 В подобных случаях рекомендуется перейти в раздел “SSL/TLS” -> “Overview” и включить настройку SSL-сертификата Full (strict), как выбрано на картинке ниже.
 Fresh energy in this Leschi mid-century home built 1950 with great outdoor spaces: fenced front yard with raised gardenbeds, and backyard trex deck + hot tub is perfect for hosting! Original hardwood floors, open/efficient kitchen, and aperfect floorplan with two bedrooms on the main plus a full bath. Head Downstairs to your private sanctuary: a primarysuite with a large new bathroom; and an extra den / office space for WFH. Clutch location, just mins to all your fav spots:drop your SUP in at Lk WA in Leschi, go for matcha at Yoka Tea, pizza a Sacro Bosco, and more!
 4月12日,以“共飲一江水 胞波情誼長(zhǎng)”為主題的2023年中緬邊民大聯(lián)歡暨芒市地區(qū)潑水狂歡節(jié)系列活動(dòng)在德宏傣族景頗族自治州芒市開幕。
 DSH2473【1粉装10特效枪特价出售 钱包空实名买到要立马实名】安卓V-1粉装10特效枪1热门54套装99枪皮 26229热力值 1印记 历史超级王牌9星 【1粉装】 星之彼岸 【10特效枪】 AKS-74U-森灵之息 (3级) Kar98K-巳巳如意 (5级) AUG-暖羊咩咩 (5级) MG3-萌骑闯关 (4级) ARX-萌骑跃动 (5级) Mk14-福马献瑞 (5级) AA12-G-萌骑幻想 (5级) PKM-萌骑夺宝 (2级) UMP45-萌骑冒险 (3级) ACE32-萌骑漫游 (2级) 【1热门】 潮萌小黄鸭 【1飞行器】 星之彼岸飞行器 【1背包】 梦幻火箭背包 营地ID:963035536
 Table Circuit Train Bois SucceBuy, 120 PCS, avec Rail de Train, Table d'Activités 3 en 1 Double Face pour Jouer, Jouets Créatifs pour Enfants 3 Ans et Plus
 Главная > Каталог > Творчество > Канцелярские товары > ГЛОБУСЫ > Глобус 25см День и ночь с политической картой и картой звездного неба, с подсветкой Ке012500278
=====
Activity: A word-for-word transcription of all the data is needed.

Result of this exercise:
 В подобных случаях рекомендуется перейти в раздел “SSL/TLS” -> “Overview” и включить настройку SSL-сертификата Full (strict), как выбрано на картинке ниже.
 Fresh energy in this Leschi mid-century home built 1950 with great outdoor spaces: fenced front yard with raised gardenbeds, and backyard trex deck + hot tub is perfect for hosting! Original hardwood floors, open/efficient kitchen, and aperfect floorplan with two bedrooms on the main plus a full bath. Head Downstairs to your private sanctuary: a primarysuite with a large new bathroom; and an extra den / office space for WFH. Clutch location, just mins to all your fav spots:drop your SUP in at Lk WA in Leschi, go for matcha at Yoka Tea, pizza a Sacro Bosco, and more!
 4月12日,以“共飲一江水 胞波情誼長(zhǎng)”為主題的2023年中緬邊民大聯(lián)歡暨芒市地區(qū)潑水狂歡節(jié)系列活動(dòng)在德宏傣族景頗族自治州芒市開幕。
 DSH2473【1粉装10特效枪特价出售 钱包空实名买到要立马实名】安卓V-1粉装10特效枪1热门54套装99枪皮 26229热力值 1印记 历史超级王牌9星 【1粉装】 星之彼岸 【10特效枪】 AKS-74U-森灵之息 (3级) Kar98K-巳巳如意 (5级) AUG-暖羊咩咩 (5级) MG3-萌骑闯关 (4级) ARX-萌骑跃动 (5级) Mk14-福马献瑞 (5级) AA12-G-萌骑幻想 (5级) PKM-萌骑夺宝 (2级) UMP45-萌骑冒险 (3级) ACE32-萌骑漫游 (2级) 【1热门】 潮萌小黄鸭 【1飞行器】 星之彼岸飞行器 【1背包】 梦幻火箭背包 营地ID:963035536
 Table Circuit Train Bois SucceBuy, 120 PCS, avec Rail de Train, Table d'Activités 3 en 1 Double Face pour Jouer, Jouets Créatifs pour Enfants 3 Ans et Plus
 Главная > Каталог > Творчество > Канцелярские товары > ГЛОБУСЫ > Глобус 25см День и ночь с политической картой и картой звездного неба, с подсветкой Ке012500278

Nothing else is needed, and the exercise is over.